Records from a data collection:
********
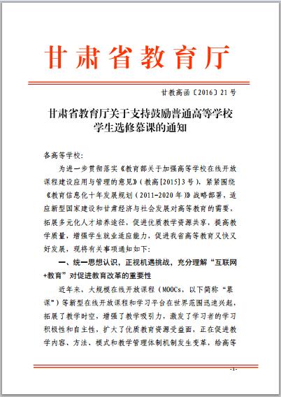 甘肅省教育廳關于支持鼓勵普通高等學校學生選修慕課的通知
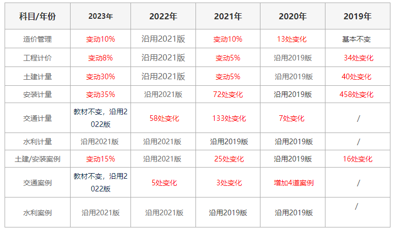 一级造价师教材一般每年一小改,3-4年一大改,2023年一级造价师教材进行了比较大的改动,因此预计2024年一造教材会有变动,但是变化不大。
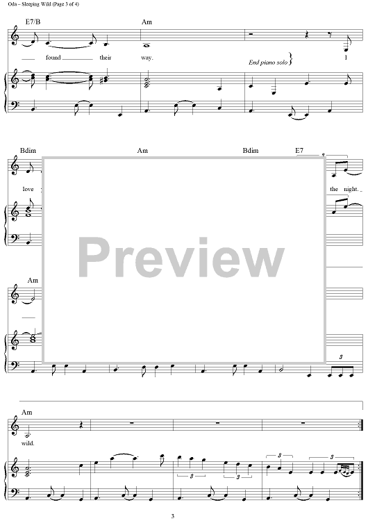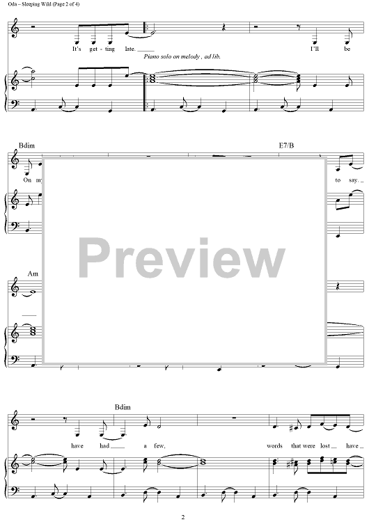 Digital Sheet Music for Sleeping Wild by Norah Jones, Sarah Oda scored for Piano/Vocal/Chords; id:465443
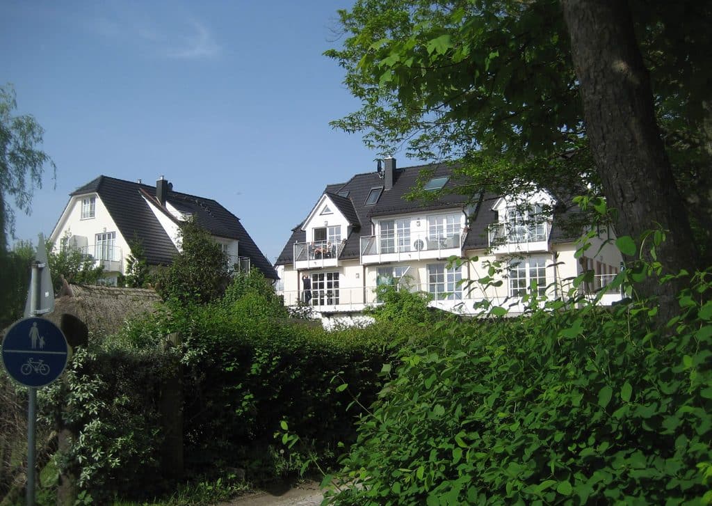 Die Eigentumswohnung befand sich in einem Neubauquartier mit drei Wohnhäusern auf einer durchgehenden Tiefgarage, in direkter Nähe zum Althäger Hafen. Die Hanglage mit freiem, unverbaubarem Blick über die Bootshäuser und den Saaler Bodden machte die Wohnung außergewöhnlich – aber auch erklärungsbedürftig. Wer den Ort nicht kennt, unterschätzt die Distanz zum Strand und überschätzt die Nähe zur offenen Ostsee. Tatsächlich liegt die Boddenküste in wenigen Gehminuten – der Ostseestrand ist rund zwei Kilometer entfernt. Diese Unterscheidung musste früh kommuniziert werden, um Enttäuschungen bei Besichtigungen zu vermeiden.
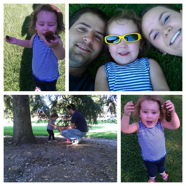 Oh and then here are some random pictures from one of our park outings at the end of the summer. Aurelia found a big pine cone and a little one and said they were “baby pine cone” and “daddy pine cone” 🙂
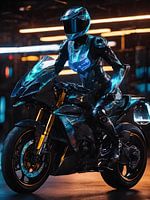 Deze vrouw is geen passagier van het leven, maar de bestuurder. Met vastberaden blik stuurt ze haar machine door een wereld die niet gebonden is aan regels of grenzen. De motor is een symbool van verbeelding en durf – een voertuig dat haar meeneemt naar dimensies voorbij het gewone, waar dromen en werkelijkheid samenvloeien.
********
__WHAT YOU ARE ASKED TO DO__
Repeat the data exactly as written, but without the pictures.

__RESULT__
 甘肅省教育廳關于支持鼓勵普通高等學校學生選修慕課的通知
 一级造价师教材一般每年一小改,3-4年一大改,2023年一级造价师教材进行了比较大的改动,因此预计2024年一造教材会有变动,但是变化不大。
 Digital Sheet Music for Sleeping Wild by Norah Jones, Sarah Oda scored for Piano/Vocal/Chords; id:465443
 Die Eigentumswohnung befand sich in einem Neubauquartier mit drei Wohnhäusern auf einer durchgehenden Tiefgarage, in direkter Nähe zum Althäger Hafen. Die Hanglage mit freiem, unverbaubarem Blick über die Bootshäuser und den Saaler Bodden machte die Wohnung außergewöhnlich – aber auch erklärungsbedürftig. Wer den Ort nicht kennt, unterschätzt die Distanz zum Strand und überschätzt die Nähe zur offenen Ostsee. Tatsächlich liegt die Boddenküste in wenigen Gehminuten – der Ostseestrand ist rund zwei Kilometer entfernt. Diese Unterscheidung musste früh kommuniziert werden, um Enttäuschungen bei Besichtigungen zu vermeiden.
 Oh and then here are some random pictures from one of our park outings at the end of the summer. Aurelia found a big pine cone and a little one and said they were “baby pine cone” and “daddy pine cone” 🙂
 Deze vrouw is geen passagier van het leven, maar de bestuurder. Met vastberaden blik stuurt ze haar machine door een wereld die niet gebonden is aan regels of grenzen. De motor is een symbool van verbeelding en durf – een voertuig dat haar meeneemt naar dimensies voorbij het gewone, waar dromen en werkelijkheid samenvloeien.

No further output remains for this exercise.